The Bohn Family (Scott, Darci, Zachary, Hannah & Adam) has been involved with The Arc, Upper Valley since their youngest member, Adam, was born with Down syndrome three years ago. The Arc provided them with information and support and they soon become strong advocates for the organization.
In 2004, Scott and Darci were strong supporters of the 3rd Annual Buddy Walk, serving on the planning committee and securing corporate sponsorship, distributing pledge packets and soliciting door prizes from local businesses. They also opened their home and hearts to the media and gave radio, television and newspaper interviews to promote the event and help raise awareness about the abilities of people with Down syndrome.
The event was embraced by the community, and more than 250 people with disabilities, their families, friends and co-workers participated in the walk on October 3, 2004 at the Grand Cities Mall. In a tremendous show of support, Grand Forks Mayor Mike Brown led the walk with the Bohn Family. Adam’s siblings, Zachary and Hannah, volunteered to distribute promotional items during the event and were featured in a front-page story in the Grand Forks Herald.
The Buddy Walk raised a record $4,000 in 2004. While it is easy to tally the financial success of an event, it is not always easy to measure the benefits in terms of humanity. But if the reaction of the public is any indication, it was a tremendous success. Because of the media exposure, the Bohn Family received many supportive phone calls from throughout the community. One of Scott Bohn’s former teachers called to say how proud he was of the way Scott and Darci were working to make the public aware of the potential for people with Down syndrome. He concluded by telling Scott that he looked forward to the day that little Adam would be a student in his classroom.

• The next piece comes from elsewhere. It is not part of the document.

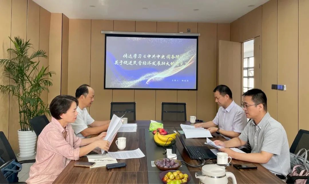 会上,党支部书记兼轮值会长林昊嵩传达学习了《中共中央 国务院 关于促进民营经济发展壮大的意见》文件精神,大家认为《意见》的一系列措施,方向精准,举措务实,为民营企业升级上档、实现高质量发展、履行好社会责任注入动力,我们要坚定发展信心,做好企业,做强产业,主动承担社会责任。

The Arc, Upper Valley also received numerous calls from people who were moved by the Bohn Family’s spirit. Many were interested in volunteering with The Arc or providing support through membership and donations. One memorable call was from the mother of one of Zachary’s classmates. Her daughter had seen the newspaper article and urged her mother to get involved. Darci Bohn continues to serve on the Buddy Walk committee, which uses the money raised to develop seminars and finance educational opportunities for people with Down syndrome and their families.
Like many sibling of people with disabilities, Zachary and Hannah show increased maturity and a concern for their brother’s future. Because of their experience having a brother with Down syndrome, they have both expressed interest in someday pursuing a career working with people with disabilities. They continue to participate in “Sibshops,” a program that offers peer support to siblings of people with disabilities. The willingness of the Bohn Family to speak out about their experience has gone a long way toward helping The Arc, Upper Valley break down stereotypes and accomplish its mission of educating the public about the potential of people with Down syndrome.